* [Your task]: The lines to repeat are those below from the one containing "As a distinctive" down to the one containing "BÜSİBER 10-11-12 Nisan", both included; reproduce them exactly and nothing else.

══════════════════════════════

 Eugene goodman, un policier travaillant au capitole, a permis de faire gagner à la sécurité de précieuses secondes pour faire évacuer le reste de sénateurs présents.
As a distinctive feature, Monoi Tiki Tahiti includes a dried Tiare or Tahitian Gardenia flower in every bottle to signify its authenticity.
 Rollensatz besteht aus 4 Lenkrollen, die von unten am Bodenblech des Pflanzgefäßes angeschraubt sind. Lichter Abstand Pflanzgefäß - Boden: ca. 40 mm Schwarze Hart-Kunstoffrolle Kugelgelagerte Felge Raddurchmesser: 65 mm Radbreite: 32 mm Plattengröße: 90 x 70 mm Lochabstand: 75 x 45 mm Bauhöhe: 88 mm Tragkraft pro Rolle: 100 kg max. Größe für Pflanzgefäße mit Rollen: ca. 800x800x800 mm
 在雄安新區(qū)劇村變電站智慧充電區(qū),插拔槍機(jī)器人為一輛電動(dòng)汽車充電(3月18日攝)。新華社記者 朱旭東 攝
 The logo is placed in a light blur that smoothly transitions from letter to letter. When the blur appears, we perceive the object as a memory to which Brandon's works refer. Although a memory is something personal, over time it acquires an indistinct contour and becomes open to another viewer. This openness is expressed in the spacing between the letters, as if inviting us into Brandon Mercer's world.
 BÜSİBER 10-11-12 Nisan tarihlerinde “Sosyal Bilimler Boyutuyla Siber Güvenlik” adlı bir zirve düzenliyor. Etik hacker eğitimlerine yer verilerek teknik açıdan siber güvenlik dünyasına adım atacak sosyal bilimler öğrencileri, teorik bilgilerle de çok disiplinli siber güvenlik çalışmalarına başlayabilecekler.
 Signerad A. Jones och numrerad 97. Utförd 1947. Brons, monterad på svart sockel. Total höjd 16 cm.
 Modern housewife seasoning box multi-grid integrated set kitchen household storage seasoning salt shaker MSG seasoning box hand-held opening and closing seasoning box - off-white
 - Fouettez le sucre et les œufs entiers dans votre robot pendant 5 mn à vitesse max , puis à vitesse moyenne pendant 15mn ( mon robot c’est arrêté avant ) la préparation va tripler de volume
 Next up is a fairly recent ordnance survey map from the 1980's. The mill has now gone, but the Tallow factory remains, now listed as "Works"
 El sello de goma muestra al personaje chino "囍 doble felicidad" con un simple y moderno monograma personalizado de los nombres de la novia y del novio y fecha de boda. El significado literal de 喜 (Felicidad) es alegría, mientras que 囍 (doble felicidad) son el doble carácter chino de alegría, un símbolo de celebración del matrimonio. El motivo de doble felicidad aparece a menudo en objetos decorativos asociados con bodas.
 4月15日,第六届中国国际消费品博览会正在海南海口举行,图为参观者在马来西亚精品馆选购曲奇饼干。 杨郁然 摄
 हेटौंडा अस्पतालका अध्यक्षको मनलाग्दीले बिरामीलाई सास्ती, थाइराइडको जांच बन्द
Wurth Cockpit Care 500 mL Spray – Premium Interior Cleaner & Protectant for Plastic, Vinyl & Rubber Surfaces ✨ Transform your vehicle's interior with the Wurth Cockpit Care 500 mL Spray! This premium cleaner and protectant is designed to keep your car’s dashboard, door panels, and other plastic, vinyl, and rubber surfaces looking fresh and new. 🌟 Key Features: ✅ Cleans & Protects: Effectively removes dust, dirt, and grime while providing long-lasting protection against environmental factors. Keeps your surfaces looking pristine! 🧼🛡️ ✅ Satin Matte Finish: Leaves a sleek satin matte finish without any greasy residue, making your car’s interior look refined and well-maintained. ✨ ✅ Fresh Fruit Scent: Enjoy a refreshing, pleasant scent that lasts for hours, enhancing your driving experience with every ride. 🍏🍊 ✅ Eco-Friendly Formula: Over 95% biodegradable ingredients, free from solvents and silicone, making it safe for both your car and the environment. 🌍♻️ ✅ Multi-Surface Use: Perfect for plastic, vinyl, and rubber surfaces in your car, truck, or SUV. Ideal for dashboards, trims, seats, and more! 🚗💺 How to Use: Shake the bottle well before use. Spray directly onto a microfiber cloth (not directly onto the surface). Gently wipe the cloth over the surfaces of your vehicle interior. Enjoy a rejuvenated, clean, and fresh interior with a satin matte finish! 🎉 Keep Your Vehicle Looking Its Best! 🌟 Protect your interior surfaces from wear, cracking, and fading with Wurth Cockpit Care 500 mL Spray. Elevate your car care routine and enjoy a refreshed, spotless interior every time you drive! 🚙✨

══════════════════════════════

* [The completed task]:
As a distinctive feature, Monoi Tiki Tahiti includes a dried Tiare or Tahitian Gardenia flower in every bottle to signify its authenticity.
 Rollensatz besteht aus 4 Lenkrollen, die von unten am Bodenblech des Pflanzgefäßes angeschraubt sind. Lichter Abstand Pflanzgefäß - Boden: ca. 40 mm Schwarze Hart-Kunstoffrolle Kugelgelagerte Felge Raddurchmesser: 65 mm Radbreite: 32 mm Plattengröße: 90 x 70 mm Lochabstand: 75 x 45 mm Bauhöhe: 88 mm Tragkraft pro Rolle: 100 kg max. Größe für Pflanzgefäße mit Rollen: ca. 800x800x800 mm
 在雄安新區(qū)劇村變電站智慧充電區(qū),插拔槍機(jī)器人為一輛電動(dòng)汽車充電(3月18日攝)。新華社記者 朱旭東 攝
 The logo is placed in a light blur that smoothly transitions from letter to letter. When the blur appears, we perceive the object as a memory to which Brandon's works refer. Although a memory is something personal, over time it acquires an indistinct contour and becomes open to another viewer. This openness is expressed in the spacing between the letters, as if inviting us into Brandon Mercer's world.
 BÜSİBER 10-11-12 Nisan tarihlerinde “Sosyal Bilimler Boyutuyla Siber Güvenlik” adlı bir zirve düzenliyor. Etik hacker eğitimlerine yer verilerek teknik açıdan siber güvenlik dünyasına adım atacak sosyal bilimler öğrencileri, teorik bilgilerle de çok disiplinli siber güvenlik çalışmalarına başlayabilecekler.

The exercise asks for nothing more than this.